From the material below, reproduce exactly the stretch of lines that begins with the line holding "Košile s dlouhým" and ends with the line holding "宠物寄养系统底层数据流图主要", skipping the pictures.
Source data START
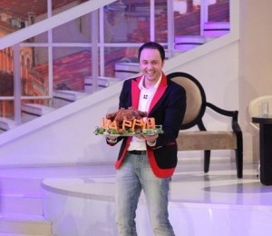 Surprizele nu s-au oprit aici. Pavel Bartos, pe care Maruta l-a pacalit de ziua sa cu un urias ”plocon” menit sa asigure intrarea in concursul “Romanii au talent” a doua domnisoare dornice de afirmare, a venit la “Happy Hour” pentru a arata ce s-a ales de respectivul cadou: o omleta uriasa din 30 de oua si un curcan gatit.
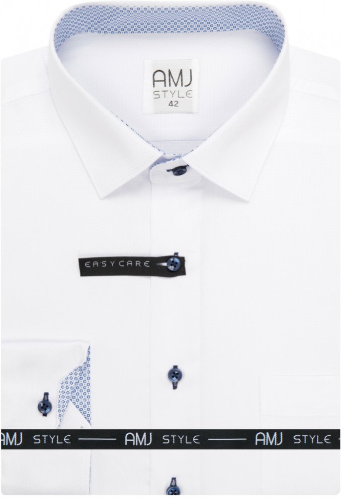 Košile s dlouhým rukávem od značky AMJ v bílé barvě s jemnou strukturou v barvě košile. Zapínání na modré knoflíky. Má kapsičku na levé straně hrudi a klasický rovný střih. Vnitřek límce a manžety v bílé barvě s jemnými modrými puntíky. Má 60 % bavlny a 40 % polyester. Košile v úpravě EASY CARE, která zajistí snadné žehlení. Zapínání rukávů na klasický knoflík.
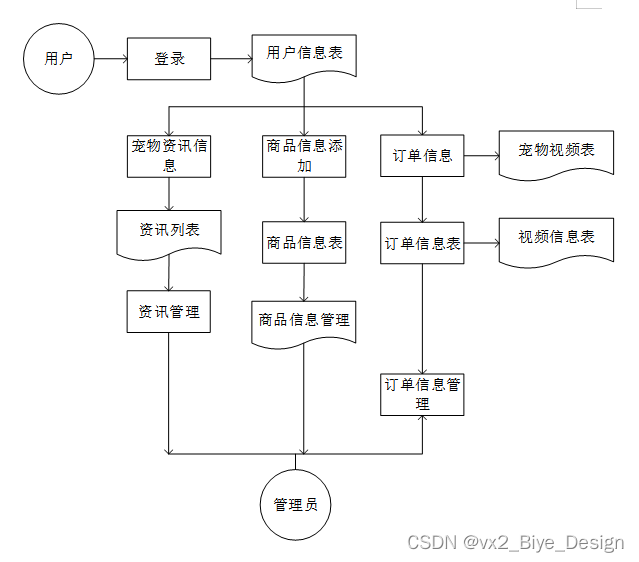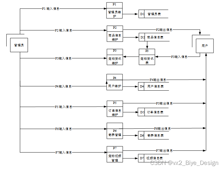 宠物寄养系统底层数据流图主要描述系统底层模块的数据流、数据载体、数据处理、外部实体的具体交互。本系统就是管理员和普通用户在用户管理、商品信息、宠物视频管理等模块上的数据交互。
Source data END
Source data START
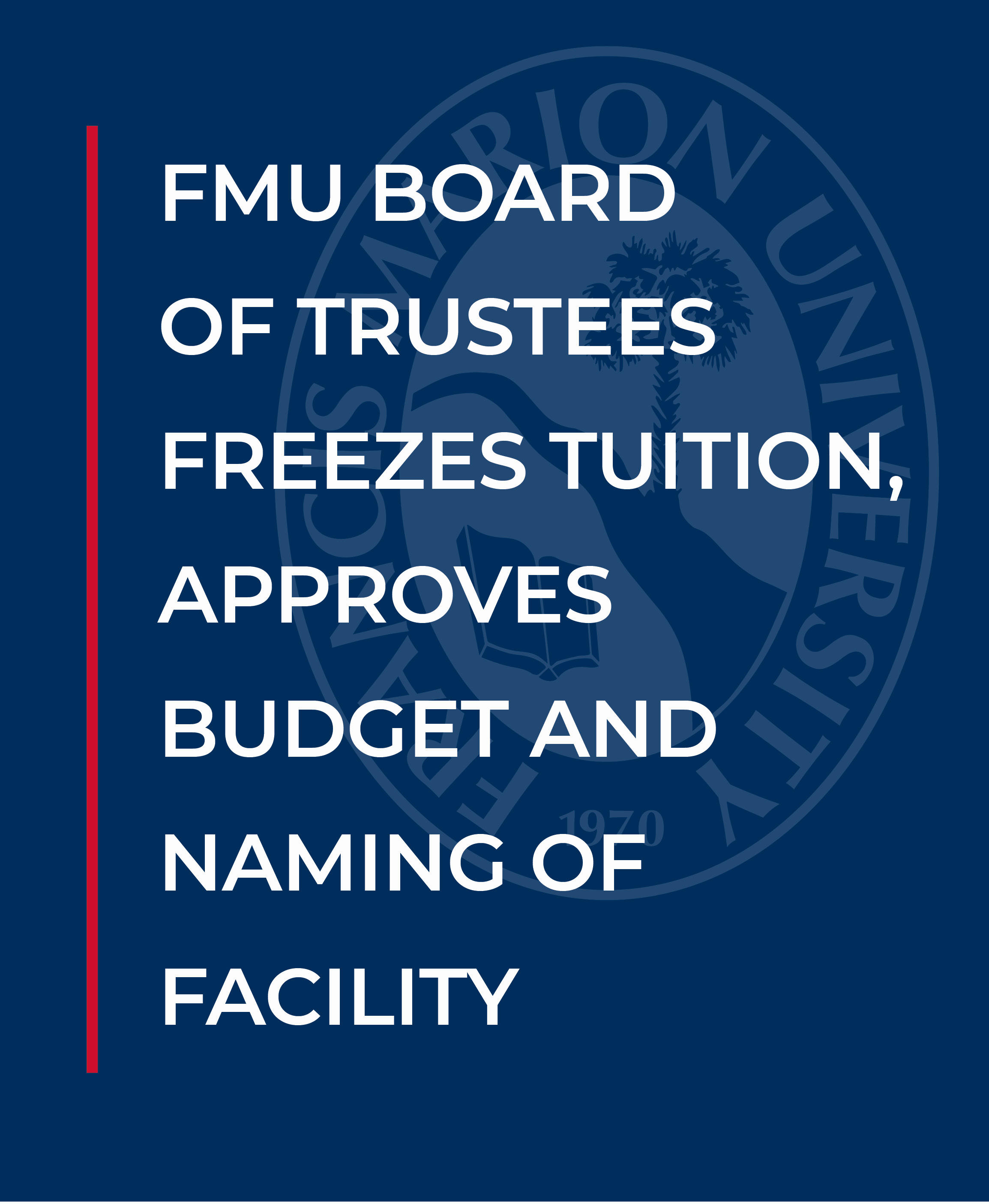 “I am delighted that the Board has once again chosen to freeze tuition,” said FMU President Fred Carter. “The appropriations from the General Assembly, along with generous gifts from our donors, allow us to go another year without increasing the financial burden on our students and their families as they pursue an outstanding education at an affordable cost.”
Source data END
Source data START
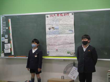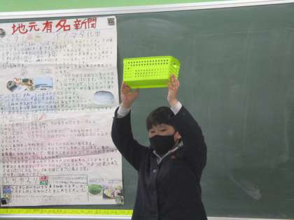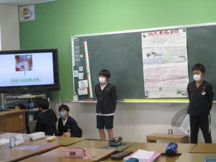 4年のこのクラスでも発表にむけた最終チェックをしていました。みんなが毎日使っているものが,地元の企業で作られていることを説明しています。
Source data END
* Finished task:
 Košile s dlouhým rukávem od značky AMJ v bílé barvě s jemnou strukturou v barvě košile. Zapínání na modré knoflíky. Má kapsičku na levé straně hrudi a klasický rovný střih. Vnitřek límce a manžety v bílé barvě s jemnými modrými puntíky. Má 60 % bavlny a 40 % polyester. Košile v úpravě EASY CARE, která zajistí snadné žehlení. Zapínání rukávů na klasický knoflík.
 宠物寄养系统底层数据流图主要描述系统底层模块的数据流、数据载体、数据处理、外部实体的具体交互。本系统就是管理员和普通用户在用户管理、商品信息、宠物视频管理等模块上的数据交互。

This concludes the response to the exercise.